- Problem to work on
Repeat the records below exactly, leaving out every picture.

(Records contained in a dataset)
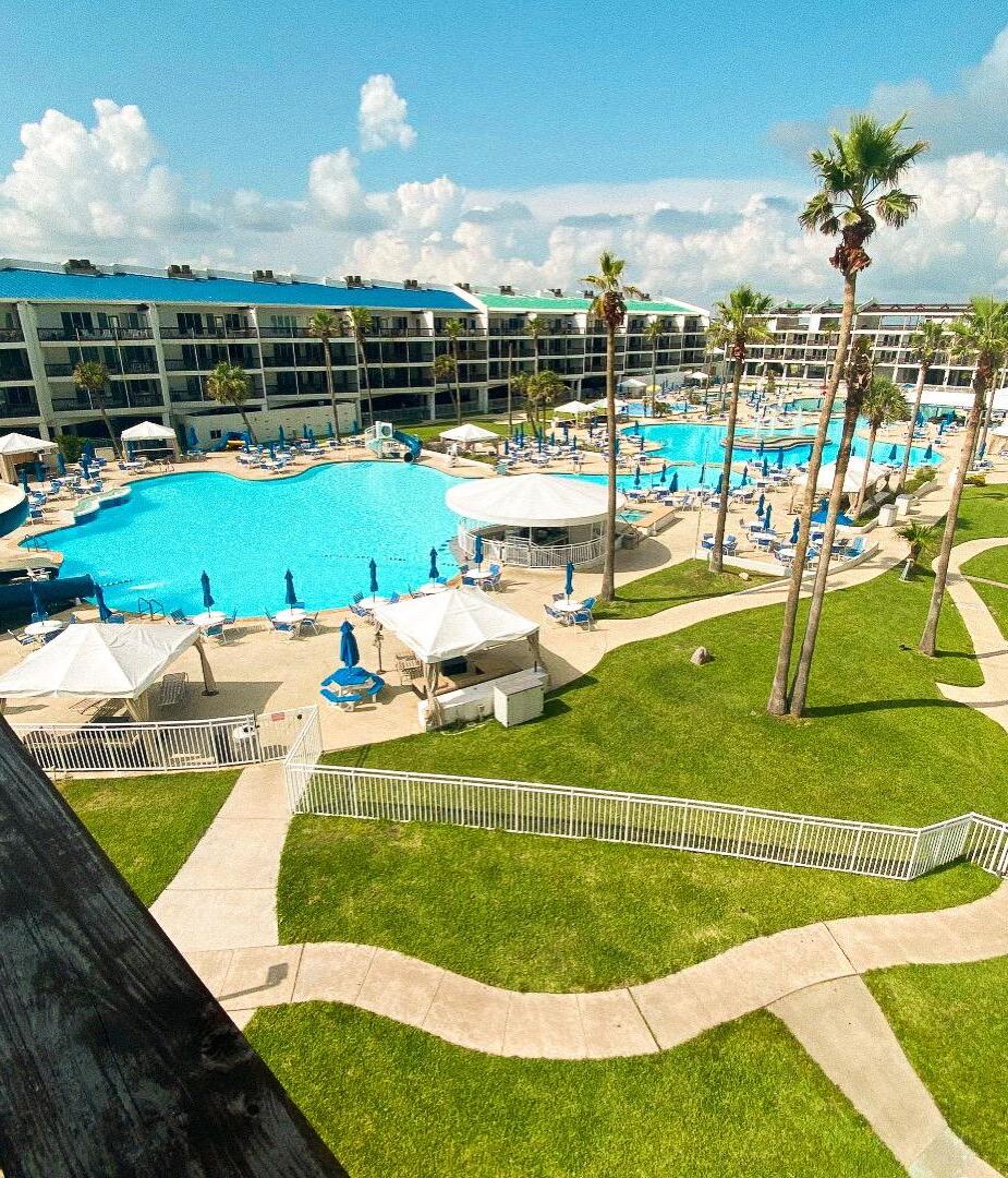 • Este complejo de primer nivel cuenta con 210 condominios frente al mar, ubicados en un enclave de 25 acres que rodea las piscinas tipo laguna más grandes de Texas, está acentuado por palmeras e incluye cascadas escalonadas y toboganes de agua para una escapada perfecta al estilo de un centro turístico.
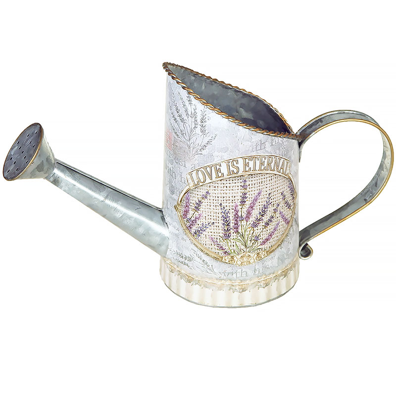 Medzi záhradnými dekoráciami nájdete aj túto provensálsku krhličku Lavender. Táto plechová krhlička obsahuje potlač vo vintage štýle a to vo forme levanduľových kvetov a bledých retro farieb. Jedná sa o ideálnu záhradnú dekoráciu, ktorá poslúži ako kvetináč alebo ako dekoračná krhlička. Tento vintage doplnok ako aj ďalšie vintage dekorácie vytvárajú z obyčajného aranžovania záhradky príjemnú záležitosť, na ktorú sa budete vždy tešiť.
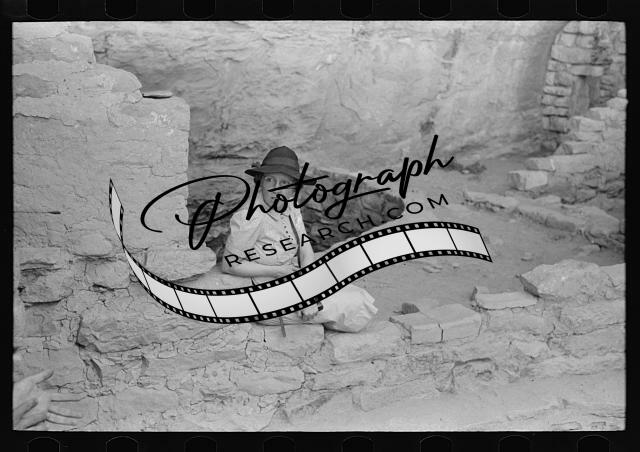 Tourists at cliff dwellings,Mesa Verde National Park,Colorado,CO,FSA,1939
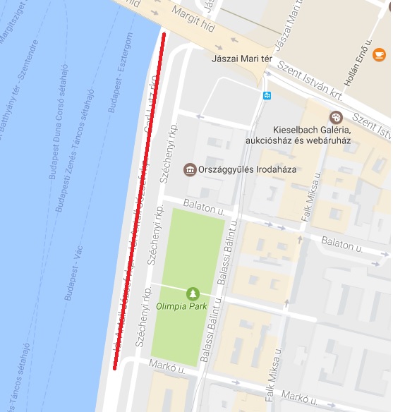 Pesti alsó rakparton a Markó utca és a Margit híd között.
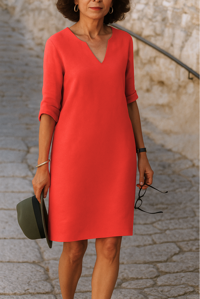 De verfijnde Ria™ jurk combineert elegantie met ultiem draagcomfort. Met een flatterende V-hals en een vloeiende pasvorm straalt deze jurk moeiteloze klasse uit. Perfect voor speciale gelegenheden of een stijlvolle dagelijkse look, Ria™ is een must-have voor elke garderobe.
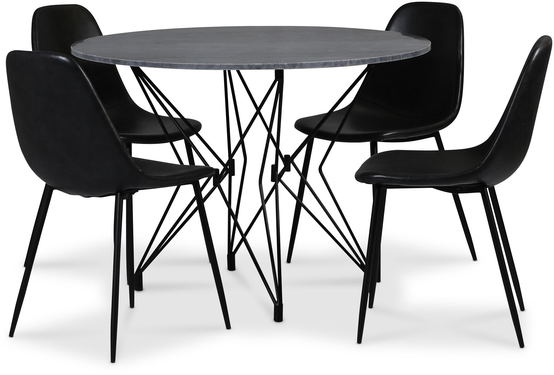 Zoo matgrupp Ø105 cm inkl. 4 st Bjurträsk svarta stolar - Svart / Grå Marmor
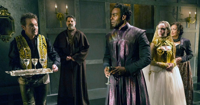 Ford’s ability to tell a complex story now comes to the fore. Richardetto (Marc Vietor) is not dead, but has in fact arrived in Parma disguised as a doctor, along with his niece Philotis (Auden Thornton). Richardetto, for his part, is also seeking revenge on Soranzo and convinces Grimaldi that by stabbing Soranzo he will eradicate his principal competition for Annabella’s affections.
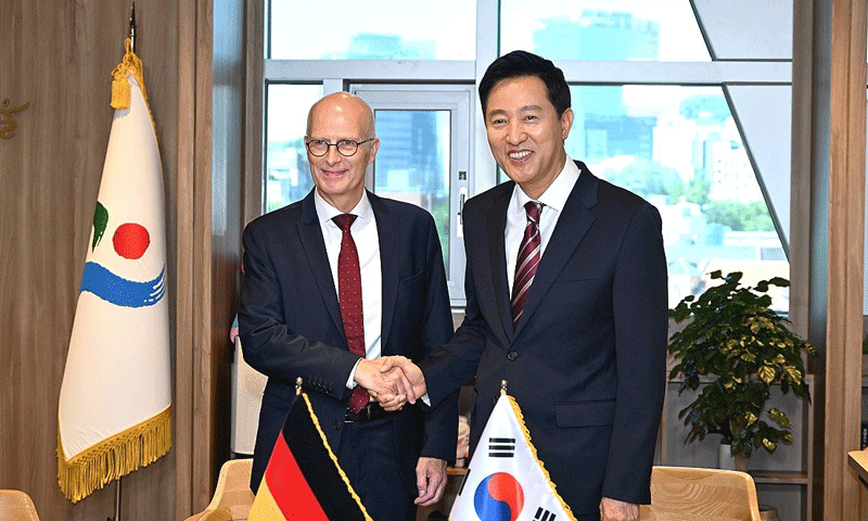 오 시장은 이날 시청 집무실에서 함부르크 시장이 이끄는 대표단을 만났다.
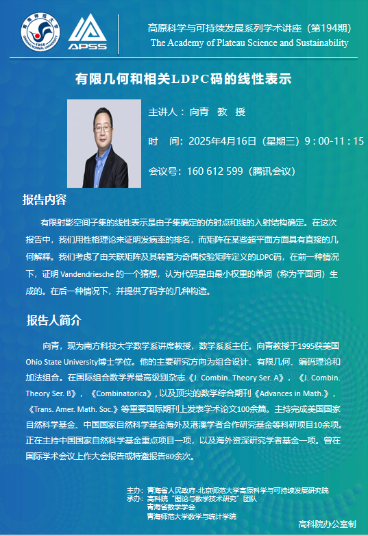 讲座(在线):4月16日 向青 有限几何和相关LDPC码的线性表示
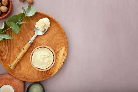 Concept of skin care cosmetics, Shea butter, space for text

- Task result
 • Este complejo de primer nivel cuenta con 210 condominios frente al mar, ubicados en un enclave de 25 acres que rodea las piscinas tipo laguna más grandes de Texas, está acentuado por palmeras e incluye cascadas escalonadas y toboganes de agua para una escapada perfecta al estilo de un centro turístico.
 Medzi záhradnými dekoráciami nájdete aj túto provensálsku krhličku Lavender. Táto plechová krhlička obsahuje potlač vo vintage štýle a to vo forme levanduľových kvetov a bledých retro farieb. Jedná sa o ideálnu záhradnú dekoráciu, ktorá poslúži ako kvetináč alebo ako dekoračná krhlička. Tento vintage doplnok ako aj ďalšie vintage dekorácie vytvárajú z obyčajného aranžovania záhradky príjemnú záležitosť, na ktorú sa budete vždy tešiť.
 Tourists at cliff dwellings,Mesa Verde National Park,Colorado,CO,FSA,1939
 Pesti alsó rakparton a Markó utca és a Margit híd között.
 De verfijnde Ria™ jurk combineert elegantie met ultiem draagcomfort. Met een flatterende V-hals en een vloeiende pasvorm straalt deze jurk moeiteloze klasse uit. Perfect voor speciale gelegenheden of een stijlvolle dagelijkse look, Ria™ is een must-have voor elke garderobe.
 Zoo matgrupp Ø105 cm inkl. 4 st Bjurträsk svarta stolar - Svart / Grå Marmor
 Ford’s ability to tell a complex story now comes to the fore. Richardetto (Marc Vietor) is not dead, but has in fact arrived in Parma disguised as a doctor, along with his niece Philotis (Auden Thornton). Richardetto, for his part, is also seeking revenge on Soranzo and convinces Grimaldi that by stabbing Soranzo he will eradicate his principal competition for Annabella’s affections.
 오 시장은 이날 시청 집무실에서 함부르크 시장이 이끄는 대표단을 만났다.
 讲座(在线):4月16日 向青 有限几何和相关LDPC码的线性表示
 Concept of skin care cosmetics, Shea butter, space for text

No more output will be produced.